The first chapter of this book gave a high-level overview of database systems. The rest of the book is divided into parts, where part 1 is about relational databases. It begins by defining what the **relational model** is, and how **relational algebra** allows us to interact with a database. These topics are the subjects of this post.

The relational model is one of the most prevalent data models in use today, in large part because of its simplicity. Most relational databases use the SQL language as both their DDL (data-definition language) and DML (data-modification language). The foundation for the SQL language is relational algebra, so this is why *Database System Concepts* introduces relational algebra first. While relational algebra is noticeably less user-friendly than SQL, having a good understanding of it makes SQL much easier to learn and understand. This is the value of spending some time with relational algebra prior to learning about SQL.

### Structure of relational databases

A relational database is structured as a set of **tables**. Every table in the database has a unique name. Each row in a table represents a *relationship* among a set of values, and each column represents one of these values. Let’s use an example from the book:

The table above is called the *accounts* table. Each row in the table represents an account. Each account is represented as having a number, being part of a branch, and having a balance. So each account is comprised of **attributes** (*account_number*, *branch_name* and *balance*).

In mathematics there is a concept of a **relation** which, for our purposes, can be viewed as being identical to a table. So the *accounts* table above can also be called the *accounts* relation. Additionally, each row in the table is called a **tuple** in the relation:

- table = relation
- tuple = row

The order of tuples within a relation does not matter, meaning that you can reorder the *accounts* tuples in whatever way you want and they’ll all be equivalent to each other.

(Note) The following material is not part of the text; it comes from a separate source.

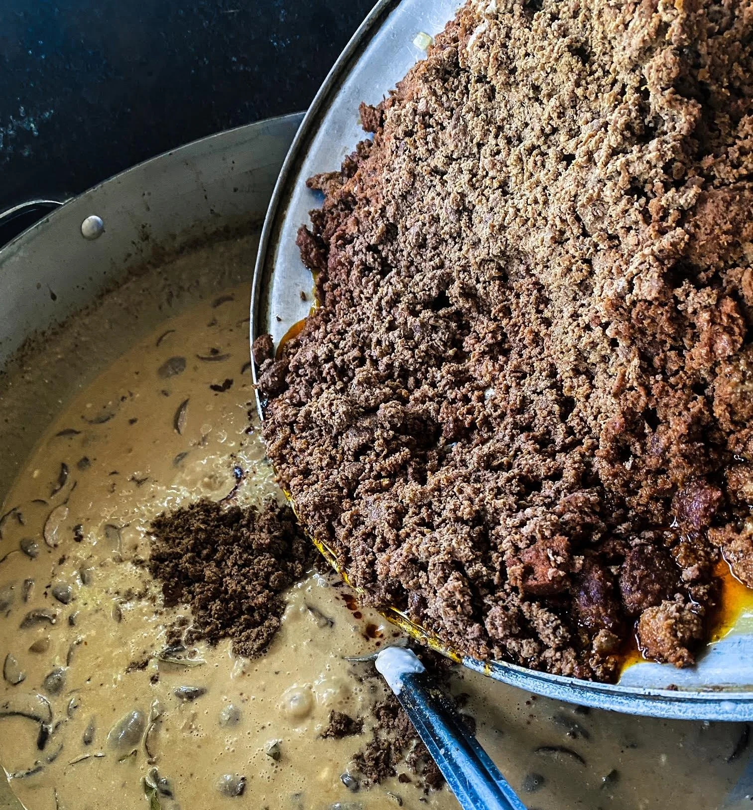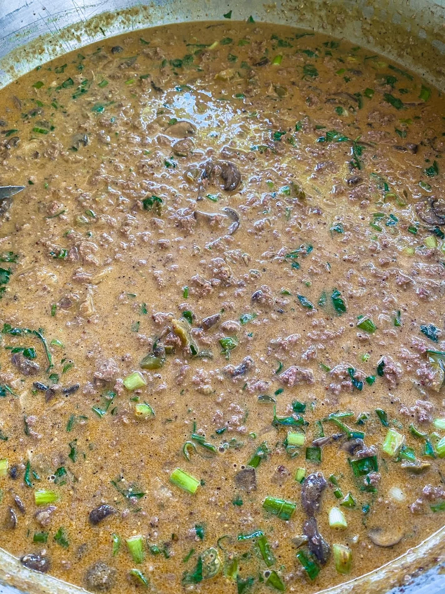 Add beef broth, Worcestershire sauce, Dijon mustard, bay leaves and whipping cream. Stir well then add the sour cream. (Tip: add some of the sauce from your pot to your sour cream in a separate bowl and stir before putting it in the sauce so it doesn’t separate) Then, add ground meat back to your pot.

*Note: The book uses the relation/tuple terminology in this chapter and in subsequent ones, which is why I am introducing it here. I will also try to use it when the book does for the sake of consistency.*

Each attribute in a relation has a certain **domain**, which is the set of all permissible values that it can have. For example, the *balance* attribute in the *accounts* relation would probably be restricted to numeric values only, so the domain for *balance* would be all numeric values. This would mean that trying to store a non-numeric value such as “abcd” to a *balance* would not work, because it is not in the domain of that attribute.

There is one value that is included in *all* domains, and that is the **null** value. This value indicates that the attribute to which null is assigned is either unknown or does not exist. For example, if the balance for the account_number[‘A-101’] is unknown, it would be set to null. This value can be tricky to work with, so it’s desirable to avoid having to deal with it when possible.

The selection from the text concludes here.